Rose made her way down, her hands scraping against the crumbling wall, skipping the creaky seventh step, knowing to step to the right on the thirteenth to avoid a loose board. At the foot of the stairs, the door leading to the cellar had been propped open, and Rose stooped down to remove the wad of newspaper that she had placed here the day before—she could be a planner, when she needed to be.
She was breathing heavily when she emerged from the cellar to the quiet street, the pavement shiny damp. The sun looked small and discarded, an orangy scrap low on the horizon. But Rose eagerly took it all in. She yanked at a lowlying branch on the giant horse chestnut tree on the corner, making the blossoms dance and shiver, a rain of petals on her skin. She passed the Harveys’ house, their Austin Six on blocks in the front yard. A few houses down was the Convoys’, whose wrought-iron gate had been largely dismantled, only the far two posts remaining, the rest of the metal given over for the war effort.
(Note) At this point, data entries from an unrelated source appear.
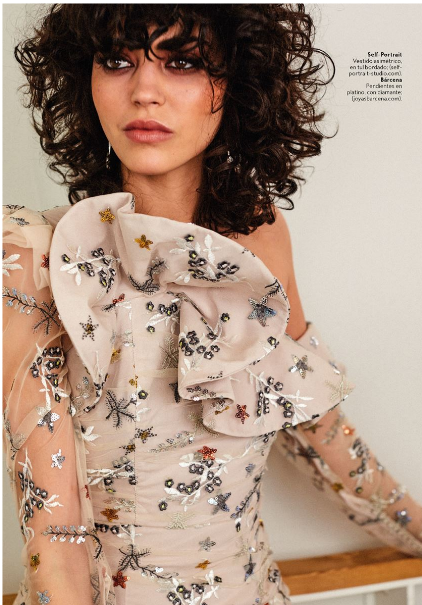
Self-Portrait Vestido asimétrico, en tul bordado; (self- portrait-studio.com). Bàrcena Pendientes en platino, con diamante; (joyasbarcelona.com).
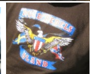
Road Rebels Öland
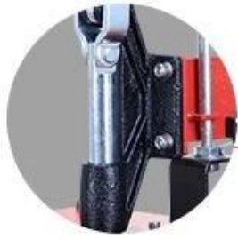
Limited Rod: Stand still, more safty
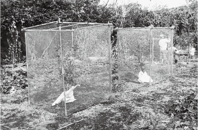
写真2 簡易防風ユニット設置状況
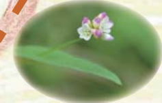
アキノウナギツカミ
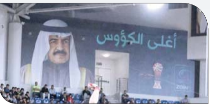
صورة سمو رئيس الوزراء تزين الصالة

ظهرت صالة مدينة خليفة الرياضية الكائنة بمدينة عيسى بأزهى حلة، عندما استضاف الدور نصف النهائي
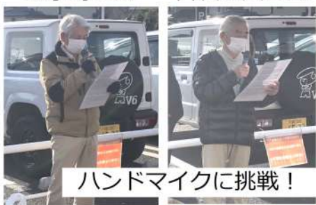
ハンドマイクに挑戦!
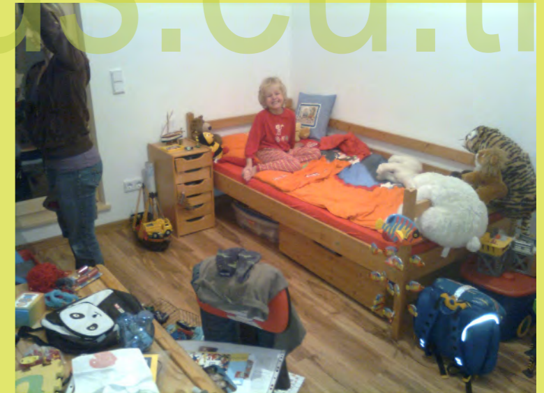
47_Die erste Nacht in unserem neuen Heim
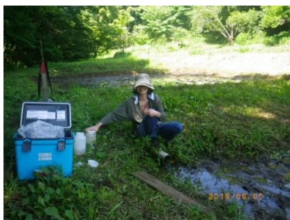
写真 1 採水風景

There on the corner Rose spotted the T of Margaret’s back, her shoulders slouching in her dark wool coat, her single fair braid running down her back like a beacon on this gray day.
Rose hurried to her, skipping. “Hallo!” she cried out, expelling the word like a breath.
“Hello.” Margaret turned, far more subdued. Her small blue eyes scanned Rose’s face. “You’re dirty. Look at your hands!”
Rose tried to wipe her palms on her friend’s jumper, but Margaret squealed and pulled back. “I’m early. It was easy.” Rose did a little jig for Margaret, her arms flailing about, compelled to entertain. Around Margaret, her body had a mind of its own. Back at the Cohens’, she would recall her dancing and cringe.
“You’re hopeless,” Margaret said, but she said it companionably, agreeably. “Come along.” Rose was happy to fall in line as Margaret took the lead.